▸ **Task directions**
Data follows below. Repeat exactly the lines between the line holding "ألتقي وزير الشباب" and the line holding "Vďaka pevným materiálom, precíznemu", inclusive, and nothing more; drop pictures.

▸ **Dataset extract**
========================

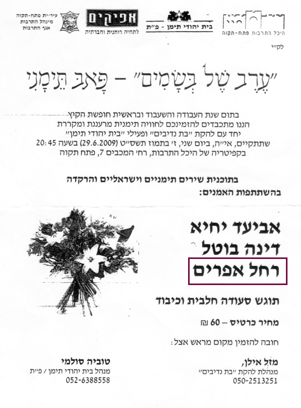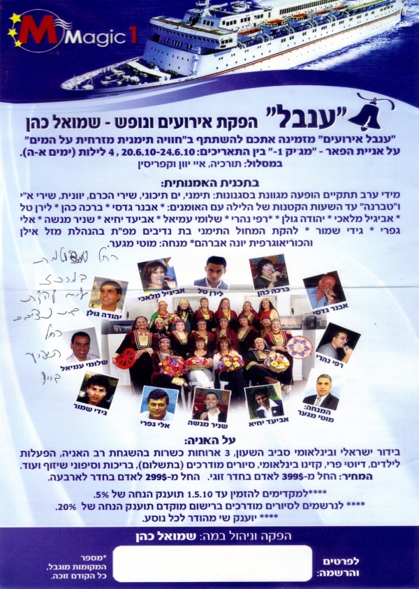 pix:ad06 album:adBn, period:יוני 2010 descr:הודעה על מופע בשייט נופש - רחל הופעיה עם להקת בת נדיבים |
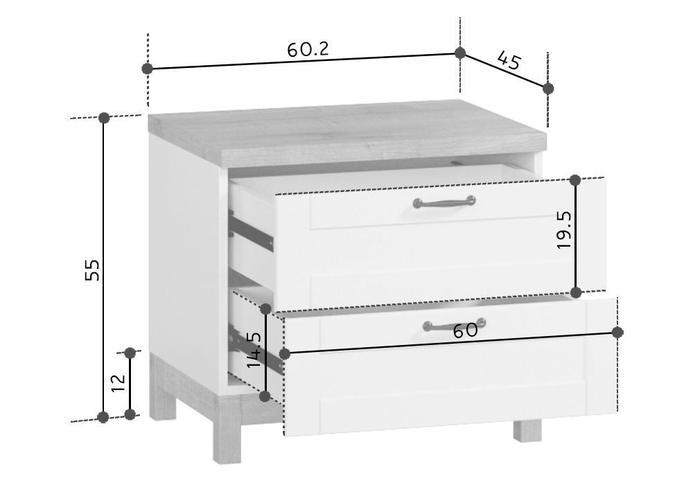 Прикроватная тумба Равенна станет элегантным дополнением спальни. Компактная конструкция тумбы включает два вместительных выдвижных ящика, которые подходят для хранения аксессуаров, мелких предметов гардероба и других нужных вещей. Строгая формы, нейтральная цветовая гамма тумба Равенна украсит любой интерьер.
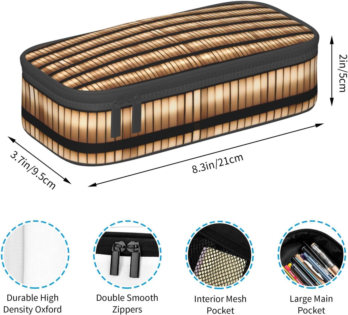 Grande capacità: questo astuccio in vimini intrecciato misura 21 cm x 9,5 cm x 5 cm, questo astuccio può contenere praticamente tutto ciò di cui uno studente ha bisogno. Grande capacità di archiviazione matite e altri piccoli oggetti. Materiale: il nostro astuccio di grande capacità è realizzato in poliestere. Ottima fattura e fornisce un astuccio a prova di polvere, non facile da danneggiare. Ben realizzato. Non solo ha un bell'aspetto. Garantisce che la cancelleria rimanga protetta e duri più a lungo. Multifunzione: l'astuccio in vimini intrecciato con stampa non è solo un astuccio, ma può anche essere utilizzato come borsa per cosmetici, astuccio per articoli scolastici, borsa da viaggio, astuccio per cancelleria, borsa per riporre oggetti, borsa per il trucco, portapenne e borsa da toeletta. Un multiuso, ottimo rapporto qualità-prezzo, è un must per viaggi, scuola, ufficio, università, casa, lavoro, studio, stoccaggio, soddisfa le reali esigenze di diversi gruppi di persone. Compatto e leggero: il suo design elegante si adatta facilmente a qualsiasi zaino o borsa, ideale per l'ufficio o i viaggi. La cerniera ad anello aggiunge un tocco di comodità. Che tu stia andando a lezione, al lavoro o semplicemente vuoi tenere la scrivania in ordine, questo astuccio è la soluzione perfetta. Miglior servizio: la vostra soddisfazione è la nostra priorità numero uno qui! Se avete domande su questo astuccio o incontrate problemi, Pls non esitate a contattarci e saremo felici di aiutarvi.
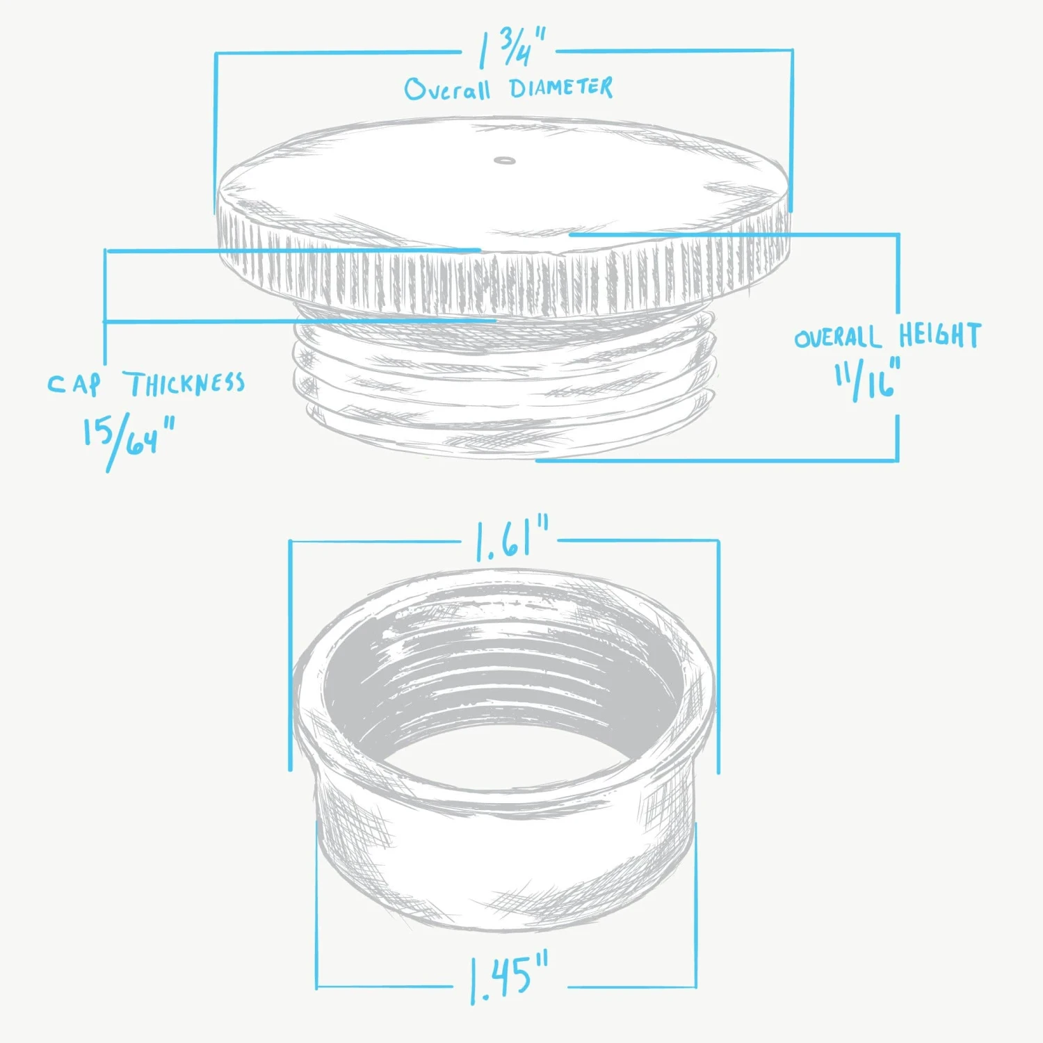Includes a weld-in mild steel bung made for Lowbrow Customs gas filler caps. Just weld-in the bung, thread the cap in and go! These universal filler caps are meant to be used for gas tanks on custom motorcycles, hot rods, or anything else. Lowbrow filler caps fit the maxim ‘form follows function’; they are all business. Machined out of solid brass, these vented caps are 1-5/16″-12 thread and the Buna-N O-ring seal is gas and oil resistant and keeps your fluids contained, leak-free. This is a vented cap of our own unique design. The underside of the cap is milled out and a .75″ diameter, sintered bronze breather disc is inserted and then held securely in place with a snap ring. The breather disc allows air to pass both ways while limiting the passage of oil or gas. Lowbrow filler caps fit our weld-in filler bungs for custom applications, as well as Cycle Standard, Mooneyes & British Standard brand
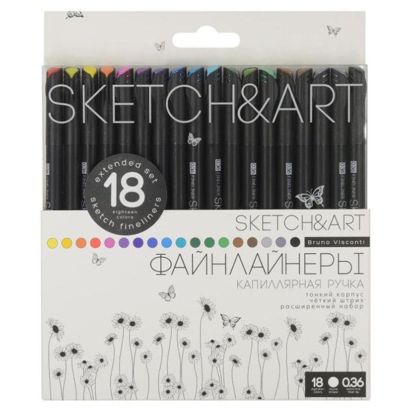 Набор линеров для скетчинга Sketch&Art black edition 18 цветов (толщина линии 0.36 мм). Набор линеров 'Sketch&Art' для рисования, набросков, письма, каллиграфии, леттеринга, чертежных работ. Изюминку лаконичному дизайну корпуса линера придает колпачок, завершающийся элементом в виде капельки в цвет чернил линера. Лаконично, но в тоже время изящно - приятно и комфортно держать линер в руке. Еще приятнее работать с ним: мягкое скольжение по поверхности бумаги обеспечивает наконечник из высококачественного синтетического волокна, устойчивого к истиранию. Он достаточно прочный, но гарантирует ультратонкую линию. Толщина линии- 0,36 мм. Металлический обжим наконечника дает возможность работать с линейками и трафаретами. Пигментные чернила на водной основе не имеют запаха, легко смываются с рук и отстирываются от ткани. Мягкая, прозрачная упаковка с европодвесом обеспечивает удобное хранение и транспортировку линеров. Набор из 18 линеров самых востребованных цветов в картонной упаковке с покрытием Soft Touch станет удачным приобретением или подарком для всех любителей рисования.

========================

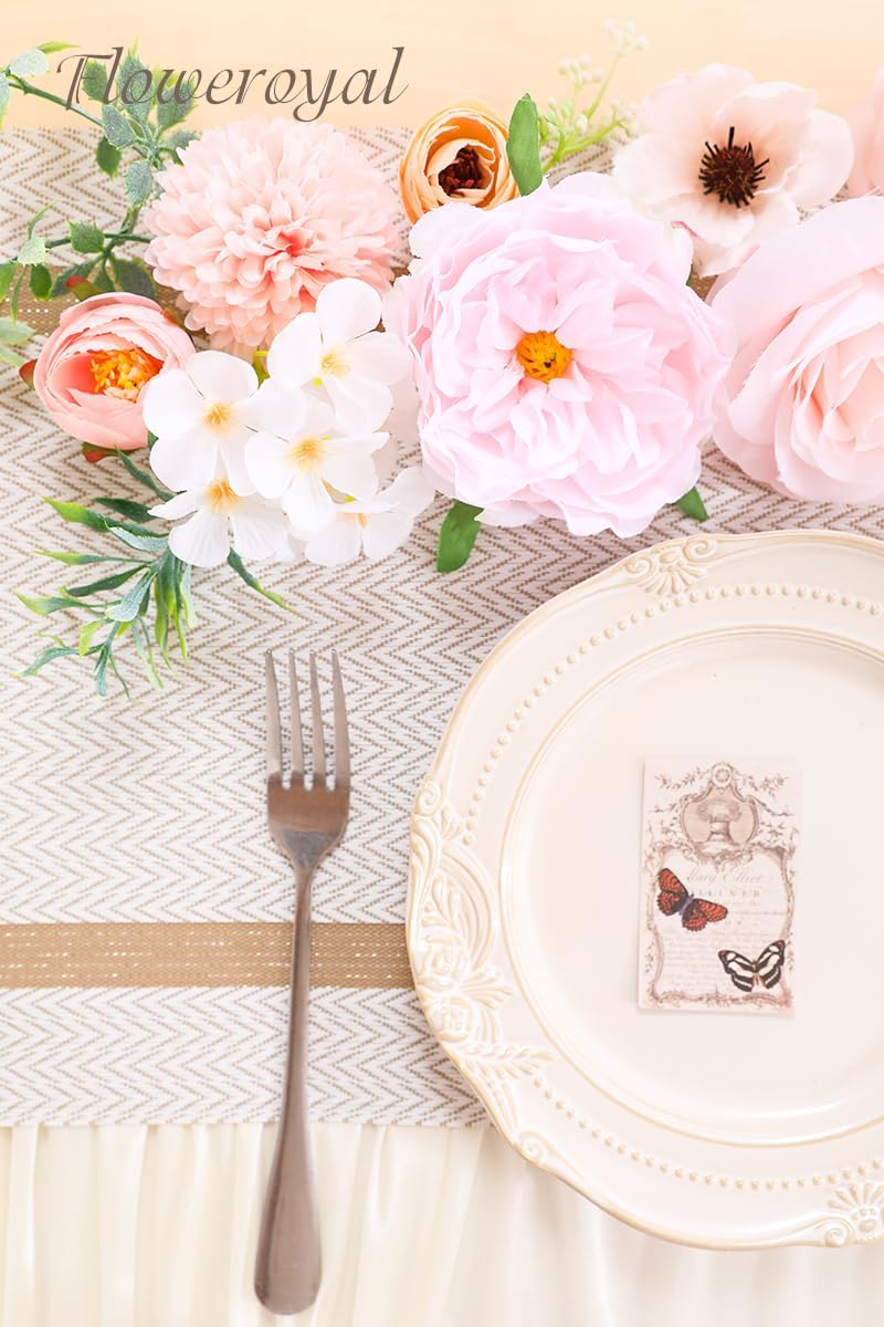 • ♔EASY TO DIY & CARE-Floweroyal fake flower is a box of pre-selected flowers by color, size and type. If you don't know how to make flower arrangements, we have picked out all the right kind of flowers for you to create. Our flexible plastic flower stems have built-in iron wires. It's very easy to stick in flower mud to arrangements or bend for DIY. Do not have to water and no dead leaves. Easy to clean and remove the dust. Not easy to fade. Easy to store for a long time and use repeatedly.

========================

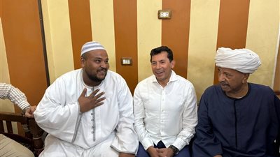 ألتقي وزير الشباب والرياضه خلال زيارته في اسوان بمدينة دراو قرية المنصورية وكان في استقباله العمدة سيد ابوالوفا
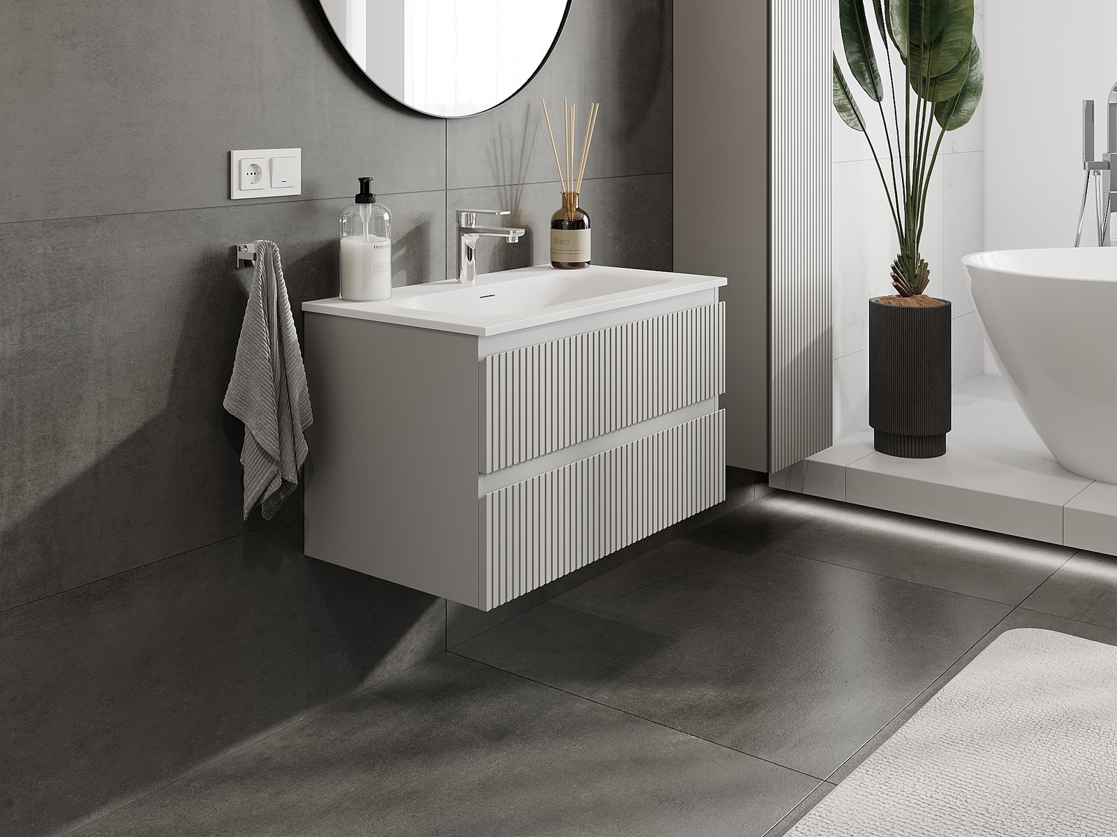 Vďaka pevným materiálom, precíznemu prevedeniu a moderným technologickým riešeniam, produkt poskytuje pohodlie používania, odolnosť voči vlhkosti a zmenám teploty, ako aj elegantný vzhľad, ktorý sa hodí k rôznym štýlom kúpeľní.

========================

▸ **Final answer**
 ألتقي وزير الشباب والرياضه خلال زيارته في اسوان بمدينة دراو قرية المنصورية وكان في استقباله العمدة سيد ابوالوفا
 Vďaka pevným materiálom, precíznemu prevedeniu a moderným technologickým riešeniam, produkt poskytuje pohodlie používania, odolnosť voči vlhkosti a zmenám teploty, ako aj elegantný vzhľad, ktorý sa hodí k rôznym štýlom kúpeľní.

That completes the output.